#### Your goal:
Reproduce exactly, and solely, the lines running from the top of the data below through the line with "Now that 80", both inclusive. Omit pictures.

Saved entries
****

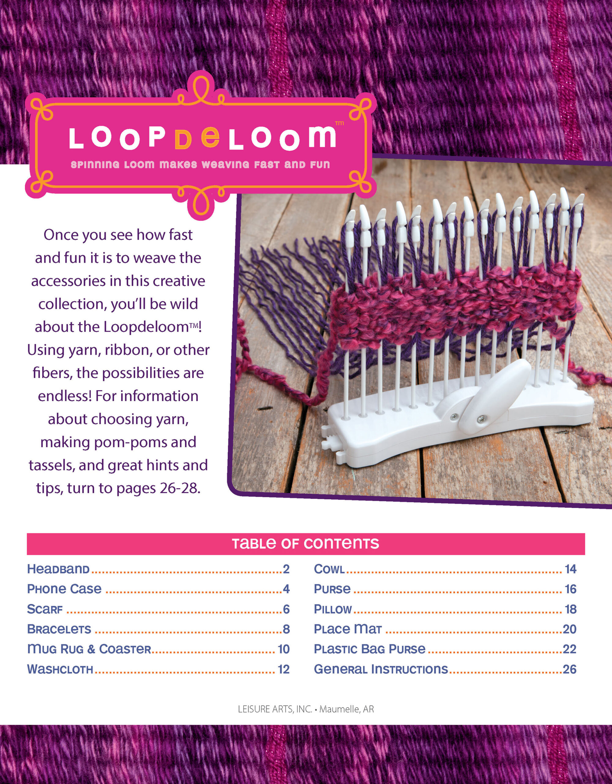LoopdeLoom The Dream Weaver- The Loopdeloom spinning loom makes weaving fast and fun. Make anything from headbands to purses to cowls, bracelets, phone cases, and more. Follow along with the yarn examples, or get creative with embroidery floss, ribbon, or anything you can weave. Designs include: placemat, pillow, scarf, coaster, washcloth, and more. Projects call for size 4 worsted, 5 bulky, and 6 super bulky weight yarns. Includes step-by-step instructions for each design, plus diagrams and tips on using the LoopdeLoom tool. Wearable projects are designed to fit teens and tweens. Great for any skill level. 28 pages, softcover.
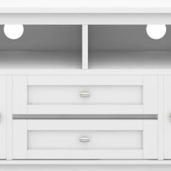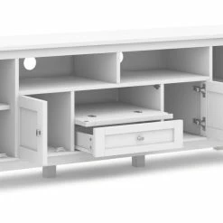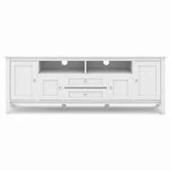 Now that 80 inch flat screen TVs are more affordable, you need to have one. To enjoy it fully, you will also need the perfect TV Stand to position your TV just right. Look no further. The Warm Shaker Extra Wide TV Stand is perfectly sized for TVs up to 80 inches. It has plenty of storage space for all your media and gaming devices. It has a large centrally located open area with two drawers as well as two enclosed spaces. The two large side storage cabinets open to one adjustable shelf each. The unit features cord management cut-outs for easy installation of TV and media components.
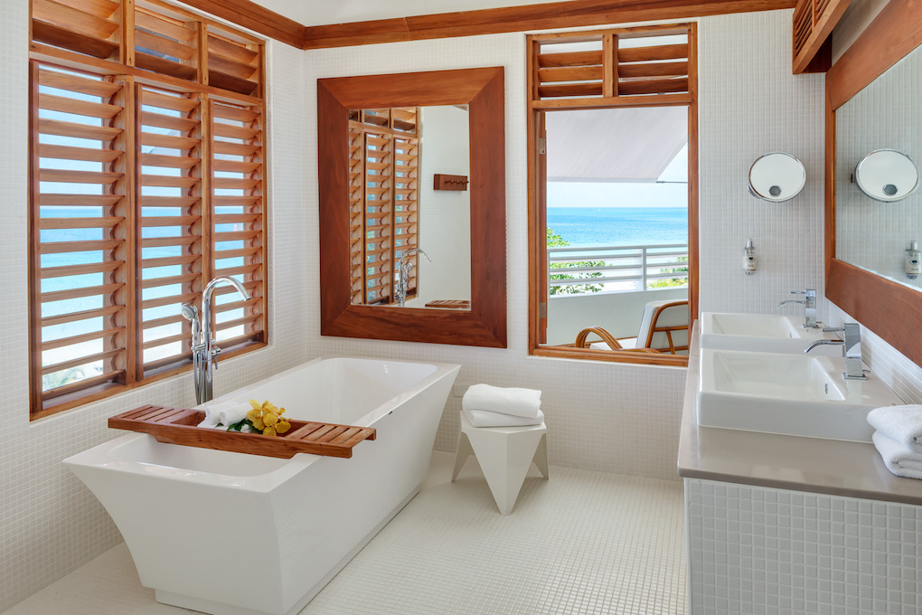 Swept Away is located on Seven Mile Beach, and is the largest Couples brand resort. It is 19 acres of comfortable digs, a large fitness complex, lap pool, and air conditioned squash and racquetball courts. Over all there are 312 suites, 6 restaurants, 8 bars, 3 pools, 5 Jacuzzis, and Golf. The most luxurious room here is the Premier Beachfront Suite that shares a Caribbean style with comfortable seating, floor to ceiling windows, French doors, outdoor living and space near the beach that is perfect for two.
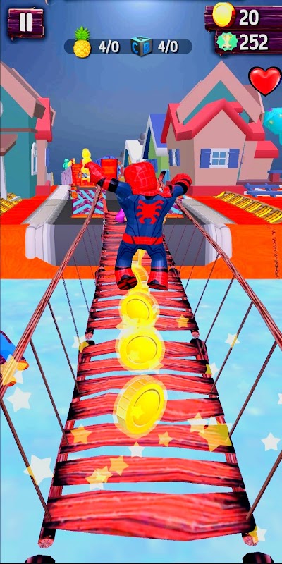 Run & smash with your favourite hero Spiderman. Cut coins to release your friends from the prisons of jungle. Avoid obstacles and gain superpowers as you progress. You will sure enjoy playing this amazing 3D game which features:
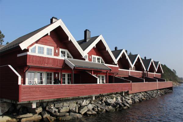 Симпатичное место: суровая норвежская природа, много воды и коттеджики, откуда, кажется, можно ловить рыбу прямо с балкона.
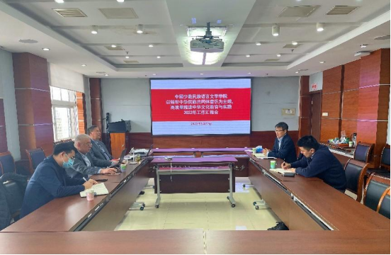 要围绕中国语言文学学科做好“中华文化海外翻译传播”工程和中国少数民族语言文学专业基础教材编写工作。他指出,中国少数民族语言文学学科是学校的优势特色学科,要全面深化综合改革,要不断释放活力动力,要积极主动对接国家战略需求,要全面提升国际交流合作水平,要聚焦学科发展重点工作,要积极与国际合作处等部门合作,统筹谋划,协同发展,开放办校。

****

#### Solution for this problem:
LoopdeLoom The Dream Weaver- The Loopdeloom spinning loom makes weaving fast and fun. Make anything from headbands to purses to cowls, bracelets, phone cases, and more. Follow along with the yarn examples, or get creative with embroidery floss, ribbon, or anything you can weave. Designs include: placemat, pillow, scarf, coaster, washcloth, and more. Projects call for size 4 worsted, 5 bulky, and 6 super bulky weight yarns. Includes step-by-step instructions for each design, plus diagrams and tips on using the LoopdeLoom tool. Wearable projects are designed to fit teens and tweens. Great for any skill level. 28 pages, softcover.
 Now that 80 inch flat screen TVs are more affordable, you need to have one. To enjoy it fully, you will also need the perfect TV Stand to position your TV just right. Look no further. The Warm Shaker Extra Wide TV Stand is perfectly sized for TVs up to 80 inches. It has plenty of storage space for all your media and gaming devices. It has a large centrally located open area with two drawers as well as two enclosed spaces. The two large side storage cabinets open to one adjustable shelf each. The unit features cord management cut-outs for easy installation of TV and media components.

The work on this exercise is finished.